English translation
Input example
The core idea of self-supervised learning is to generate supervisory signals directly from the data itself. It excels in scenarios where labeled data is scarce but raw, unlabeled data is abundant. This article focuses on architecture: first clarify the data flow, key modules, and output layers—then revisit the underlying formulas or code.
I will separately examine pretraining tasks and downstream tasks to verify that representations truly transfer—not merely that pretraining metrics look good.
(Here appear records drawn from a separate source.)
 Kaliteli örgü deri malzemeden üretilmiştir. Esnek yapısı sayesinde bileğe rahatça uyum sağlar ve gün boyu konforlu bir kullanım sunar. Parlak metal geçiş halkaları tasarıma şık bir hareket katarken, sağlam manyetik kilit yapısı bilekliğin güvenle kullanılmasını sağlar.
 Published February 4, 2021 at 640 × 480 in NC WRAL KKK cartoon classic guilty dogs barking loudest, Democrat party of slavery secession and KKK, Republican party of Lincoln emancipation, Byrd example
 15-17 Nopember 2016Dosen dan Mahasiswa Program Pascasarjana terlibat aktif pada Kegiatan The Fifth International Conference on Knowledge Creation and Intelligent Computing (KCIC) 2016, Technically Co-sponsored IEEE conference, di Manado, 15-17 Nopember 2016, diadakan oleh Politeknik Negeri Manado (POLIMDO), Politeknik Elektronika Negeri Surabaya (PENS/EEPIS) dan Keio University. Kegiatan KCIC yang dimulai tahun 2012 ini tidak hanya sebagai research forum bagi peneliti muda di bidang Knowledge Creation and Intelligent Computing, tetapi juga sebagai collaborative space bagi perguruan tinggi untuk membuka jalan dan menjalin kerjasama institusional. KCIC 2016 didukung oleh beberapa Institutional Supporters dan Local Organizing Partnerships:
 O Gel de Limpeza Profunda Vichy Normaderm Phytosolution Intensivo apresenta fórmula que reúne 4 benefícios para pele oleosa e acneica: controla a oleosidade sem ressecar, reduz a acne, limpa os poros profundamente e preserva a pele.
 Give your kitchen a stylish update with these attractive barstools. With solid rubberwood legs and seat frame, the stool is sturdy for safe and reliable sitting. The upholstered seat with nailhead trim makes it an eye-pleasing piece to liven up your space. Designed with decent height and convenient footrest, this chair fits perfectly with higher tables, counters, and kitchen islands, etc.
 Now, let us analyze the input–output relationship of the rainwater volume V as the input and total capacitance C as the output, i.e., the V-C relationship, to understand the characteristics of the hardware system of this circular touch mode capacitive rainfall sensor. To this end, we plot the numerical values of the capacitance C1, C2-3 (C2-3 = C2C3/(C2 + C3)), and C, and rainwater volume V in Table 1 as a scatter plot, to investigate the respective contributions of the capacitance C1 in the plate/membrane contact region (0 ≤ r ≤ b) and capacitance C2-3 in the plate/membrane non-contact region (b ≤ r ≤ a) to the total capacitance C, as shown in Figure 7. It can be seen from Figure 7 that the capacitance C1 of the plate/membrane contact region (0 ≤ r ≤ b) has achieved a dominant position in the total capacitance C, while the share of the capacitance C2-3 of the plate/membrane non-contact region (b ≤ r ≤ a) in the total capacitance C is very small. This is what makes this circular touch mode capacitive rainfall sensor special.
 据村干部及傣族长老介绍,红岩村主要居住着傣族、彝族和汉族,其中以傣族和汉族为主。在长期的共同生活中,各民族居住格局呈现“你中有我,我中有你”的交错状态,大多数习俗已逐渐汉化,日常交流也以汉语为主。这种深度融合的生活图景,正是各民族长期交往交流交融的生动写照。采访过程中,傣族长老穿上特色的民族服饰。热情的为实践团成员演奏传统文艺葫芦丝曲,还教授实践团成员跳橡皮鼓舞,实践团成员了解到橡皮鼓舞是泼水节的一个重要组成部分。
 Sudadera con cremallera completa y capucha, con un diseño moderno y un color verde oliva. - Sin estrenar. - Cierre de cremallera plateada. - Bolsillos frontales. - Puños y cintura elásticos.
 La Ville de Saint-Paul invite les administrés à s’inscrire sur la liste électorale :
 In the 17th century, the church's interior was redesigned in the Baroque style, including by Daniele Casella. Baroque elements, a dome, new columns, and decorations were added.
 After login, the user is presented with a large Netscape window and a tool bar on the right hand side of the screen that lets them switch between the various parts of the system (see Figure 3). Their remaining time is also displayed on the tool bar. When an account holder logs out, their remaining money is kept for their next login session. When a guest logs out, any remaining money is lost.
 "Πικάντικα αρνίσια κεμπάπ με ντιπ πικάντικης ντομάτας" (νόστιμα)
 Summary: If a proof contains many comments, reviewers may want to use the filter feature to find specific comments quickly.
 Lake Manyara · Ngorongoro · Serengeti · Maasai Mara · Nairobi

Self-supervised learning is an emerging learning paradigm that enables effective model training on large volumes of unlabeled data—without requiring any human-annotated labels. In this article, we explore commonly used model architectures in self-supervised learning and assess their effectiveness in specific applications.
Model Architectures for Self-Supervised Learning
In self-supervised learning, model architectures typically build upon deep learning frameworks such as Convolutional Neural Networks (CNNs), Recurrent Neural Networks (RNNs), and Transformers. Below are several widely adopted architectures:
While reading this article, treat the sequence
“Model Architectures → Variational Autoencoder (VAE) → Case Study → Contrastive Learning Models”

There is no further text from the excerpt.